De nos jours, un vieux monsieur est retrouvé mort dans son lit. Lors de l’autopsie le médecin constate que la mort n’est pas naturelle et que l’homme a été étouffé avec un oreiller. La police est surpris également de trouver dans l’appartement, des vieux articles de presse concernant le meurtre d’une jeune fille, en 1944.

Konrad, policier en retraite, va mener cette double enquête concernant des faits ayant eu lieu avec près de soixante-dix ans d’écart.
En 1944, les troupes américaines sont installées en Islande. Le corps d’une jeune fille, Rosamunda, a été trouvé derrière le Théâtre National à Reykjavik.
Les deux enquêteurs Flovent et Thorson, vont assez rapidement trouver un coupable idéal pour ce meurtre. Et pourtant, cette enquête leur laissera un goût d’inachevée…
La grande Histoire et l’histoire intime de l’Islande se mêle adroitement, on découvre la condition féminine de l’époque, ce pays à la situation stratégique occupée par les Américains sans oublier les croyances et les légendes populaires islandaises…
Cela m’a donnée vraiment envie de découvrir les deux premiers tomes de la Trilogie !
Merci Pauline et Audiolib pour cette belle découverte.

Extrait : (début du livre)
Les policiers firent venir un serrurier plutôt que de défoncer la porte. Quelques minutes de plus ou de moins ne changeaient pas grand-chose.
Au lieu d’appeler la Centrale d’urgence, la voisine s’était directement adressée au commissariat principal.

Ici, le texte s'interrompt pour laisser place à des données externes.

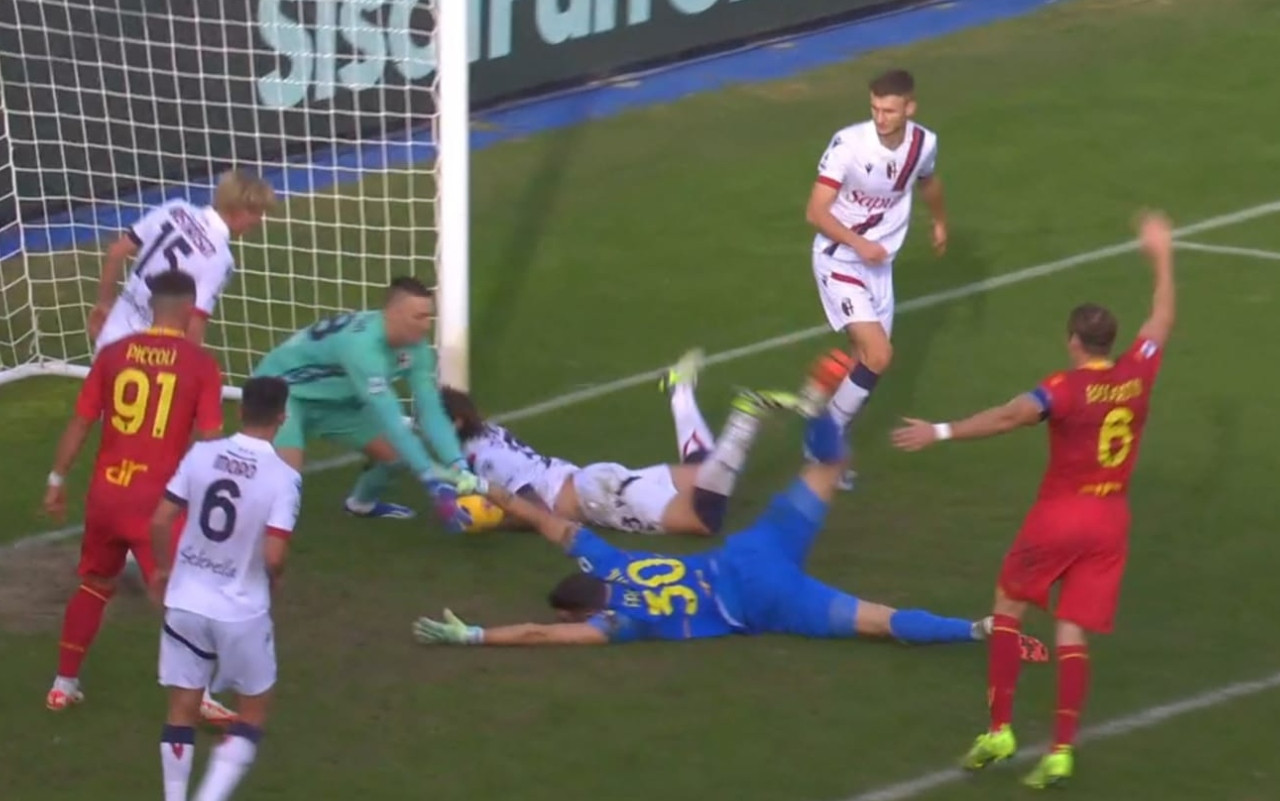 Succede di tutto nel finale di partita di Lecce-Bologna. Sul risultato di 0-1 per la squadra di Thiago Motta, infatti, Calafiori ha fatto fallo sul portiere avversario Falcone, per l’occasione all’interno dell’area di rigore rossoblù.

Le standard l’avait mise en relation avec un policier à qui elle avait expliqué qu’elle n’avait pas vu l’homme qui occupait le logement à côté de chez elle depuis plusieurs jours.
– Il passe parfois chez moi quand il revient de faire ses courses. Normalement, je l’entends marcher dans son appartement et je le vois de ma fenêtre quand il descend au magasin. Et là, je ne l’ai ni vu ni entendu depuis un moment.

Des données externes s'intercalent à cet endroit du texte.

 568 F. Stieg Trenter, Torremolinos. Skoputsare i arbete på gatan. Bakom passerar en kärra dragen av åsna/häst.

– Il est peut-être parti en voyage ?
– En voyage ? Il ne quitte jamais Reykjavík.
– Et qui vous dit qu’il n’est pas allé dans sa famille ou chez des amis ?

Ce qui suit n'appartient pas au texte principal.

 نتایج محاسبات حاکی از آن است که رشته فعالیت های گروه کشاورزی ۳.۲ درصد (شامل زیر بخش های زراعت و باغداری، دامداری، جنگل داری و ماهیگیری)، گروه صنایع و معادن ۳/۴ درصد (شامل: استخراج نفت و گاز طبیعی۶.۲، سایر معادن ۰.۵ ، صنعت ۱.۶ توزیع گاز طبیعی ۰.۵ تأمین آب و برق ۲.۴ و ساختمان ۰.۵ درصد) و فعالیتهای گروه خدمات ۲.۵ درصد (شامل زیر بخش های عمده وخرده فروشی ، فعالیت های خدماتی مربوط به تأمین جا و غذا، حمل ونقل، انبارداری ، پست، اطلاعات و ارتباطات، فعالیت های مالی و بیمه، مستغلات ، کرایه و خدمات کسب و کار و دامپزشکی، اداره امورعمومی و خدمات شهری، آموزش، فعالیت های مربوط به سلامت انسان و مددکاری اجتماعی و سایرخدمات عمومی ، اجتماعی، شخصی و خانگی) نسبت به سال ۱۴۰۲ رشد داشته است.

– Je ne crois pas qu’il ait beaucoup d’amis, et il ne m’a jamais parlé de sa famille.
– Quel âge a-t-il ?
– Plus de quatre-vingt-dix ans, mais il est robuste et complètement autonome.
– On a pu l’hospitaliser ?
– Non… je m’en serais rendu compte. Je suis sa voisine.
– Il est peut-être parti en maison de retraite. À son âge…
– Je… Vous avez de ces questions ! Qu’est-ce que vous voulez que je vous dise ? Tout le monde n’a pas envie d’aller en maison de retraite. Et il est en très bonne santé.
– Merci de nous avoir prévenus, je vous envoie quelqu’un.
Les deux policiers patientaient devant la porte du vieil homme en compagnie de sa voisine Birgitta. Le premier avait une énorme bedaine et le second, beaucoup plus jeune, était si maigre qu’il flottait dans son uniforme. Tous deux formaient un couple un peu comique. Plus expérimenté, le plus âgé avait souvent dû faire appel à un serrurier pour pénétrer chez des gens. La police devait régulièrement s’assurer que tout allait bien chez des gens qui n’avaient pas de famille et avaient échappé à la vigilance des services sociaux. Omar, le serrurier, cousin du policier obèse, ouvrait les portes en un tournemain.
Ils se donnèrent l’accolade quand ce dernier arriva. Omar força sans difficulté la serrure.